I confess my astonishment that any gentleman who has carefully read the proposed amendment could be so totally mistaken as to its meaning and effect.  I protest against such a construction, and submit that the Secretary of the Treasury [Mr. Sherman], who is well known to be hostile to the purpose of this bill, ought not to be encouraged by a false interpretation from such high authority as the gentleman from Ohio.  No gentleman can point to a single word in the amendment authorizing the Secretary to purchase bullion for the mints by the issue of bonds, or to a single expression that can be so tortured as to countenance such a proceeding.  The whole authority conferred upon that officer to purchase bullion to be coined into silver dollars is contained in these words:

And the Secretary of the Treasury is authorized and directed to purchase, from time to time, silver bullion, at the market price thereof, not less than two million dollars' worth per month, nor more than four million dollars' worth per month, and cause the same to be coined monthly, as fast as so purchased, into such dollars;  and a sum sufficient to carry out the foregoing provision of this act is hereby appropriated out of any money in the Treasury not otherwise appropriated.  And any gain or seigniorage arising from this coinage shall be accounted for and paid into the Treasury, as provided under existing laws relative to the subsidiary coinage.

Now there is not one word here about the issue of bonds, and not one word about "surplus revenues."  On the contrary, the money for the purchase of the bullion is appropriated ---actually and unconditionally appropriated out of the Treasury--- just precisely as money is appropriated from time to time by Congress to support the Army and Navy and to defray the ordinary expenses of the Government.

It is not a question of construction, for there is absolutely nothing to be done except to abide by and execute the plain language and command of the law.  There is no sort of ambiguity in the provision, and it might as well be contended that the Secretary can issue bonds and increase the indebtedness of the Government to pay the salary of the President or of members of Congress, or his own salary, as that he can do so for the purpose of purchasing silver bullion under this bill when it becomes a law;  and so it might as well be contended that he cannot pay out appropriations made for the support of any branch of the public service unless there are surplus revenues, as that he can only pay for bullion in money when there are surplus revenues.  In all cases the appropriations are made in the same terms, that is:  "out of any money in the Treasury not otherwise appropriated," which means out of any fund not specifically appropriated or dedicated to some other purpose.

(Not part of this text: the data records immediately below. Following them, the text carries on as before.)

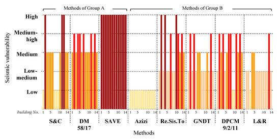 Note that the methods Azizi, RE.SIS.TO, and GNDT of Group B allow one to express both a quantitative and a qualitative, i.e., linguistic, judgment (from ‘low’ to ‘high’) about the level of vulnerability of the buildings. Thus, in
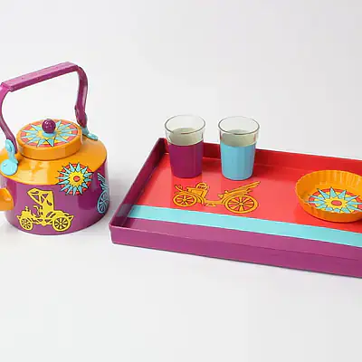 Description : Product Contains a Hand Painted Designer Aluminum Kettle measuring approx 1.5 ltr capacity , Two Tea Glasses , A Bowl and A Tray.
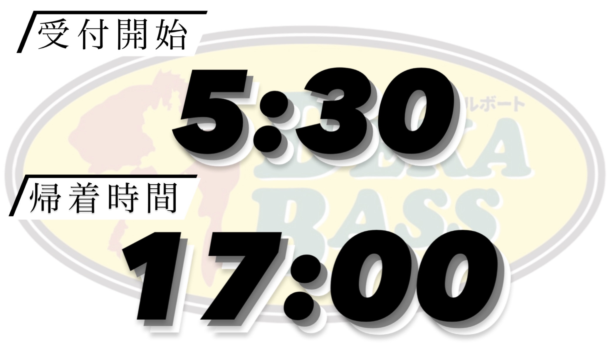 | コメント | こんにちは😃DEKABASSです。 9月営業時間 受付開始5:30 帰着時間 17:00 | ||
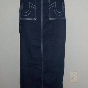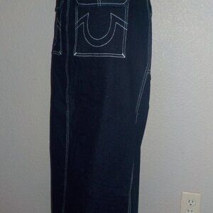 TRUE RELIGION WOMENS SIZES CARGO DARK WASH WHITE TOP STITCHED MAXI DENIM SKIRT
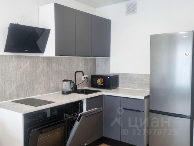 * Кухня: стильные матовые фасады, современная техника (микроволновка, плита, духовка, тостер, холодильник).
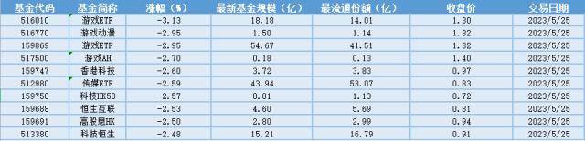 下跌方面,25日跌幅最大的是游戏ETF(516010)跌幅达到3.13%。剩余排名靠前的游戏动漫(516770)、游戏ETF(159869)、游戏AH(517500),跌幅分别为2.95%、2.95%、2.70%。从整体上看数量占比较多的为游戏ETF。

The act of January 14, 1875, to provide for the resumption of specie payments, has no connection whatever with the subject to which this bill relates, and the authority conferred upon the Secretary of the Treasury for the purpose of executing the provisions of that act cannot be exercised by him for the purpose of executing the provisions of this bill.  They are not in pari materia and any attempt to connect them, to attach one to the other, or to blend their provisions for the purpose of justifying in the execution of one of them the exercise of a power or authority conferred by tbe other would be a flagrant violation of the letter and spirit of both.  The act of January 14, 1875, so far as it relates to the creation and accumulation of a fund for resumption purposes, reads as follows:

And to enable the Secretary of the Treasury to prepare and provide for the redemption in this act authorized or required, he is authorized to use any surplus revenues from time to time in the Treasury not otherwise appropriated, and to issue, sell, and dispose of, at not less than par, in coin, either of the descriptions of bonds of the United States described in the act of Congress approved July 14, 1870, entitled "An act to authorize the refunding of the national debt," with like qualities, privileges, and exemptions, to the extent necessary to carry this act into full effect, and to use the proceeds thereof for the purposes aforesaid.
---[ But if anyone who promoted the resumption act, or wanted specie payment, really wanted genuine specie payment, he would have jumped at the opportunity of free coinage of silver.  By this time (1878) U.S. mines produced enough silver for an exclusively coin circulation.  Everyone of the 340 million greenbacks could have been replaced by silver coin.  All the bank-notes could have been redeemed by silver coin.  All the bonds could have been paid off using silver coins.  The promoters of resumption, the opponents of silver coin, did not want that, they wanted more paper, more debt.]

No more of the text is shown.